Creamy Carrot Farrotto

This Creamy Carrot Farrotto by Annie Fenn looks deliciously divine!

Farrotto combines the classic technique of rice-based risotto with farro, a chewy, delicious type of whole-grain wheat. In this plant-based rendition, you’ll simmer the grains in a carrot-infused stock and top them with spears of roasted carrot. Just like making classic risotto, this one likes you to hover and stir. Buying farro can be confusing because it goes by many names. Semi-pearled farro is my top choice for this recipe, but other types will also work (see Recipe Tips).

* Excerpted from The Brain Health Kitchen by Annie Fenn (Artisan Books). Copyright © 2023

Photographs by Alexandra Grablewski

Creamy Carrot Farrotto

Creamy Carrot Farrotto Serves: 4-6


  • ¾ pound (340 g) slender carrots with tops attached, scrubbed well, cut into 4-inch (10 cm) pieces
  • 2 tablespoons extra-virgin olive oil
  • 1 teaspoon kosher salt
  • 2 cups (500 ml) carrot juice
  • 4 cups (1 L) vegetable stock, homemade (page 374) or store-bought (low-sodium, if possible)
  • 1 large shallot (5 ounces/ 140 g), finely chopped (about ½ cup)
  • 2 large garlic cloves, finely chopped (about 2 teaspoons)
  • 1½ cups (300 g) semi- pearled or pearled farro (see Recipe Tip)
  • ½ cup (60 g) Walnut “Parm” (page 184 of Annie's book) or freshly grated Parmesan chees
  • 1 tablespoon white wine vinegar
  • ½ teaspoon freshly ground black pepper, plus more for serving
  • 1 tablespoon fresh thyme leaves
  • Finely chopped carrot tops (optional)
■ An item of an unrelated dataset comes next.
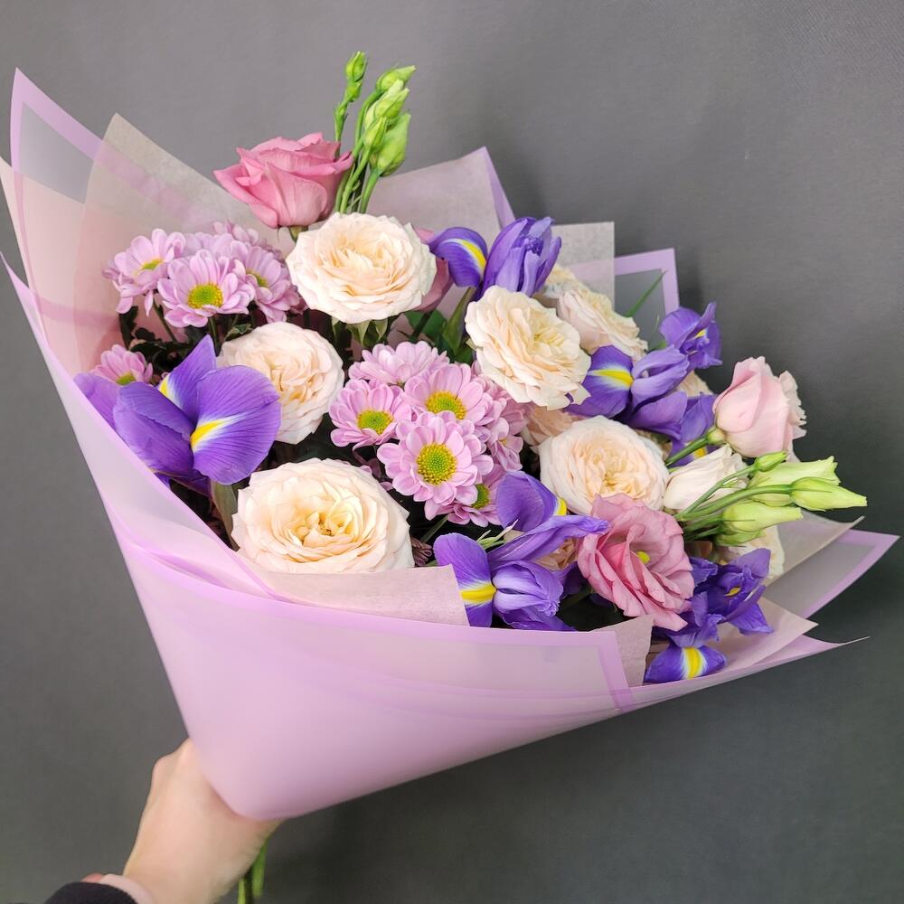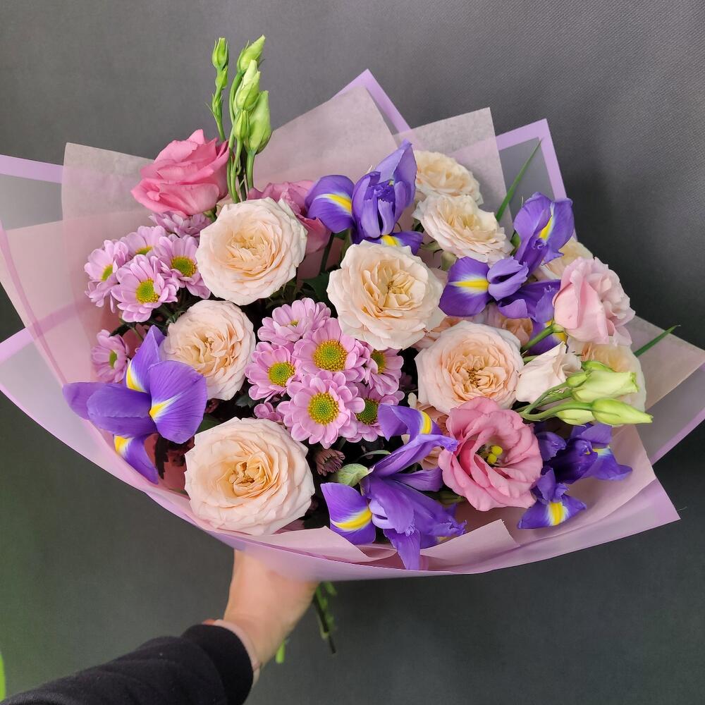 Роза кустовая – 2 шт.Ирис Blue Magic – 5 шт.Эустома – 2 шт.Сантини – 2 шт.Упаковка дизайнерская – 1 шт.Лента атласная – 1 шт.

  1. 1 Set an oven rack in the center position and preheat the oven to 375°F (190°C). Line a rimmed baking sheet with parchment paper or a silicone mat.
  2. 2 Place the carrots on the prepared baking sheet and toss with 1 tablespoon of the oil and ½ teaspoon of the salt. Spread them in a single layer and bake for 30 to 35 minutes, tossing once, until the carrots are golden brown and starting to get crispy.
  3. 3 Meanwhile, make the farrotto. Warm the carrot juice and stock in a small saucepan over medium-high heat. Reduce the heat to low and keep warm on the stove.
  4. 4 Heat the remaining 1 tablespoon oil in a large skillet over medium-high heat. Add the shallots, sprinkle with the remaining ½ teaspoon salt, and cook, stirring often, until golden brown, 4 to 6 minutes. Add the garlic and cook until fragrant, about 1 minute. Add the farro, stirring well to coat the grains.
  5. 5 Using a ladle or a measuring cup, transfer ½ cup (120 ml) of the stock mixture to the pan. Adjust the heat so the sauce gently simmers, and cook, stirring often, until almost all the liquid has been absorbed, 3 to 5 minutes. Add the remaining stock ½ cup (120 ml) at a time and continue to add the liquid in stages until the farro is tender but still chewy, 30 to 40 minutes total.
  6. 6 Stir in ¼ cup (30 g) of the “Parm,” the vinegar, and the pepper. Divide the farrotto between shallow bowls, then top with the roasted carrots and the remaining ¼ cup (30 g) “Parm.” Sprinkle with the thyme and carrot tops, if using. Finish with more pepper, if you like.


Recipe Tips: 
  • Carrot tops are rich in folate and vitamin K, but they are so often thrown out. Use the whole carrot in this dish and look for slender, rainbow-colored carrots with the greens still attached.
  • Have you cooked with farro? Different types of farro vary in cooking times, a reflection of how processed the grain is. 
  • Pearled farro cooks up the quickest but has had all of its bran removed as well as most of its fiber.
  • Semi-pearled farro retains more bran and is Annie's farro of choice—it provides more fiber and takes just a few more minutes to cook than pearled. 
  • Whole-grain farro is not processed at all and so retains the greatest amount of fiber, balanced by a cooking time of up to 1½ hours. (An overnight soak speeds that up.) 
  • The freshness of the grain matters, too, so if your farro is old, it will take longer to cook.